## Required work
Print the whole listing again exactly, keeping no pictures in it.

## Raw data
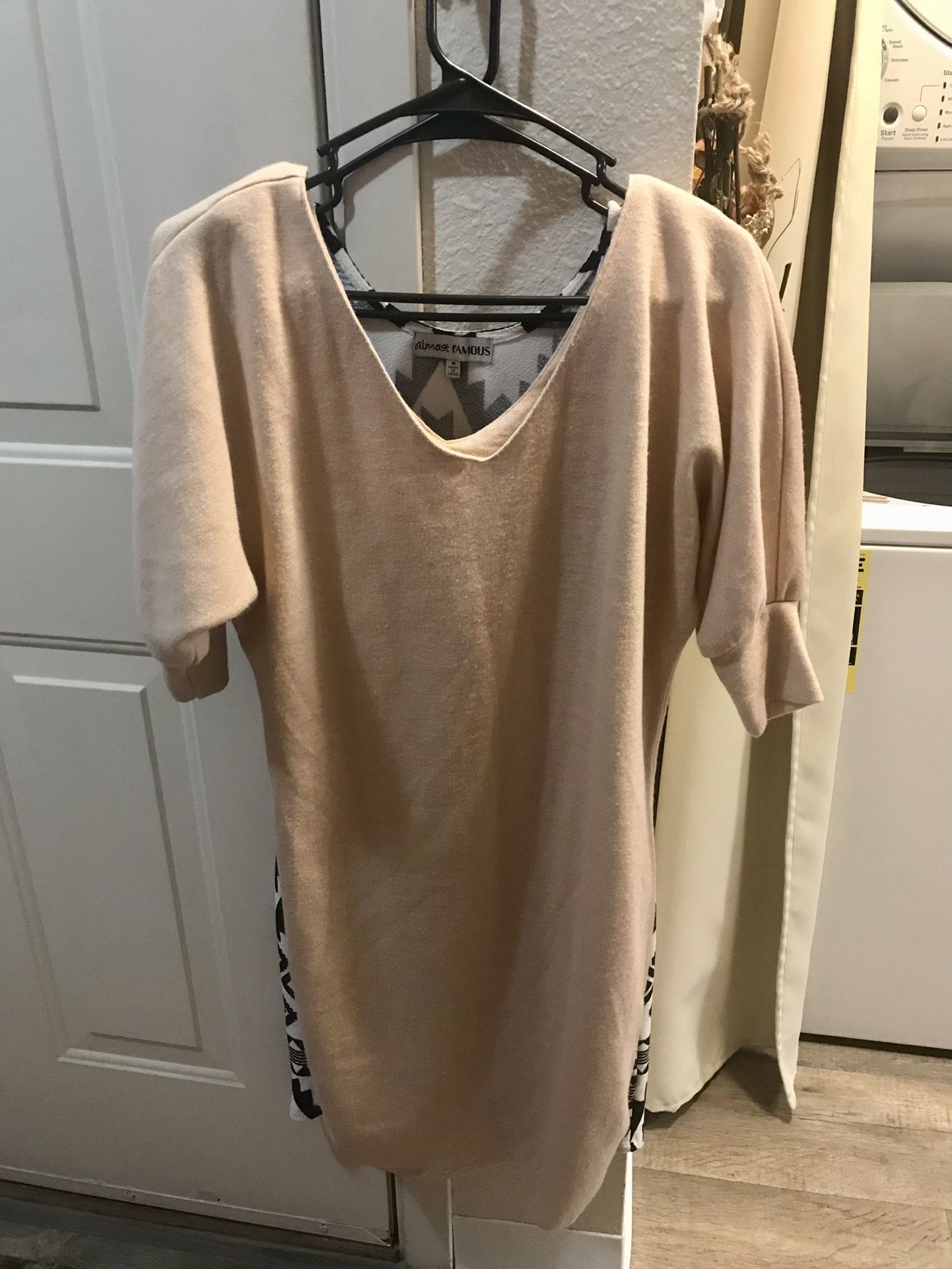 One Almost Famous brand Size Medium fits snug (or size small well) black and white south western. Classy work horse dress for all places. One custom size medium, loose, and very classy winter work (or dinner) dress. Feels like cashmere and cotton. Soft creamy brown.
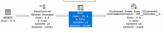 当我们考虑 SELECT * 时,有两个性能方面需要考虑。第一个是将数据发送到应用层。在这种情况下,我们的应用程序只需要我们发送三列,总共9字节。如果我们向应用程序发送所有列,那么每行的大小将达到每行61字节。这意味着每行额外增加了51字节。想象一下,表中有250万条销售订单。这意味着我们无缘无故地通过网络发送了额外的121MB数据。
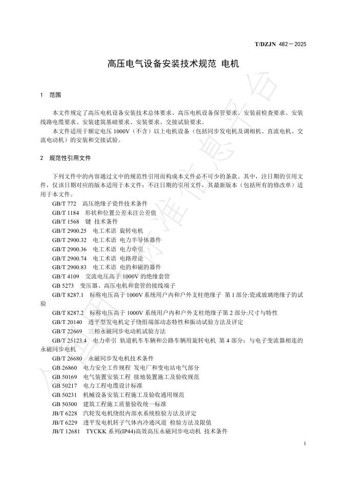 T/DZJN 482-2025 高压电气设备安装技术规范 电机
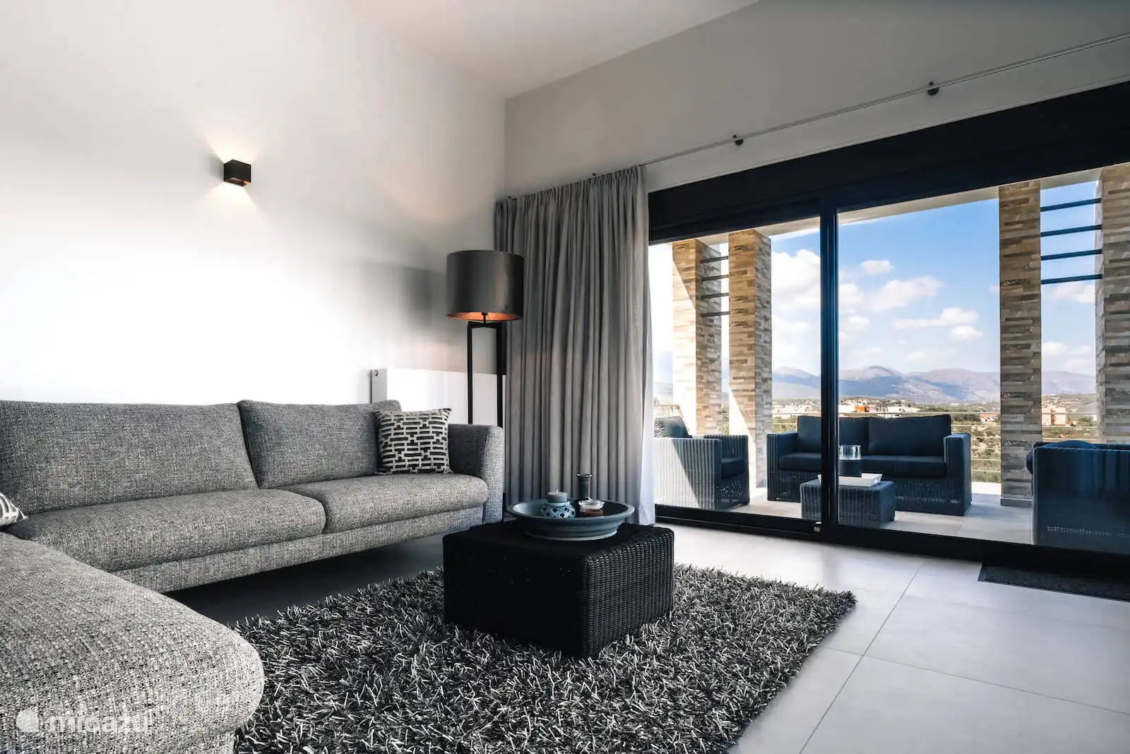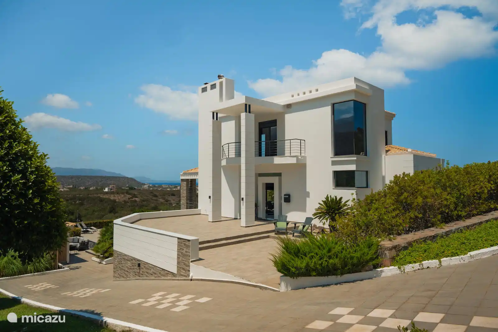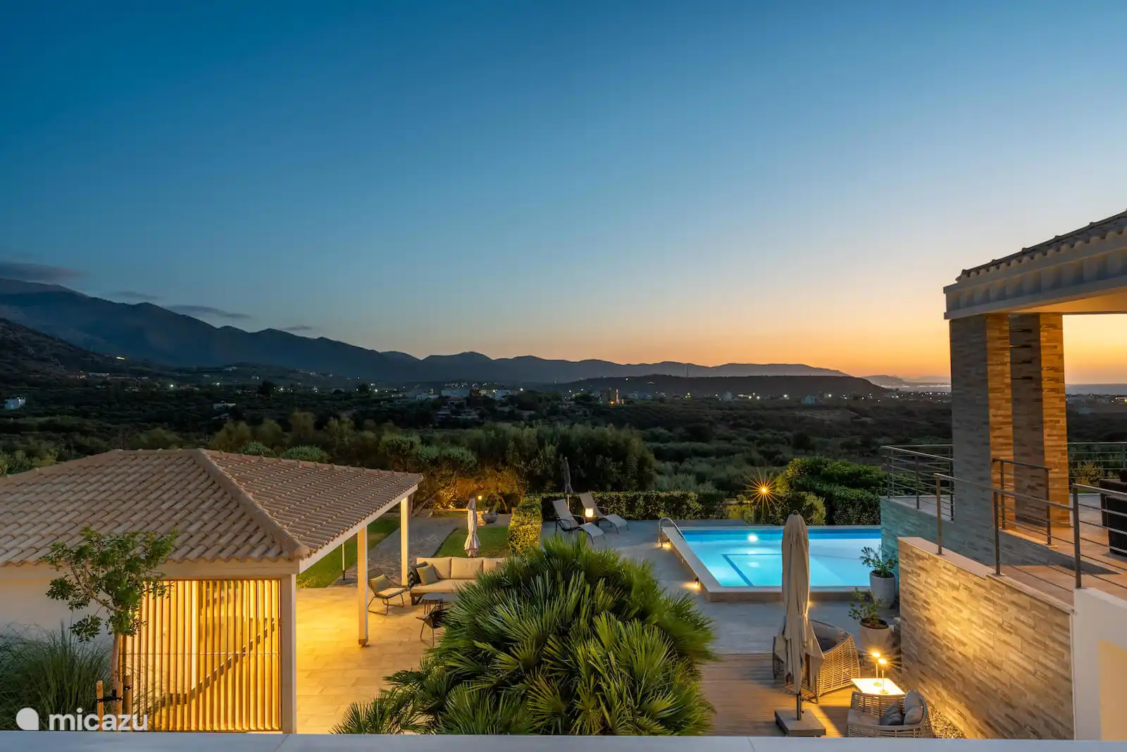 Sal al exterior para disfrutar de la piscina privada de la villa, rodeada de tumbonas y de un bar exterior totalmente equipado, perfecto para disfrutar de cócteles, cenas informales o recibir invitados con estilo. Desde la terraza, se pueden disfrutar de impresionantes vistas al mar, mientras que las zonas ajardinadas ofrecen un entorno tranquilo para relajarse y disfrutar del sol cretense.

## Expected answer
 One Almost Famous brand Size Medium fits snug (or size small well) black and white south western. Classy work horse dress for all places. One custom size medium, loose, and very classy winter work (or dinner) dress. Feels like cashmere and cotton. Soft creamy brown.
 当我们考虑 SELECT * 时,有两个性能方面需要考虑。第一个是将数据发送到应用层。在这种情况下,我们的应用程序只需要我们发送三列,总共9字节。如果我们向应用程序发送所有列,那么每行的大小将达到每行61字节。这意味着每行额外增加了51字节。想象一下,表中有250万条销售订单。这意味着我们无缘无故地通过网络发送了额外的121MB数据。
 T/DZJN 482-2025 高压电气设备安装技术规范 电机
 Sal al exterior para disfrutar de la piscina privada de la villa, rodeada de tumbonas y de un bar exterior totalmente equipado, perfecto para disfrutar de cócteles, cenas informales o recibir invitados con estilo. Desde la terraza, se pueden disfrutar de impresionantes vistas al mar, mientras que las zonas ajardinadas ofrecen un entorno tranquilo para relajarse y disfrutar del sol cretense.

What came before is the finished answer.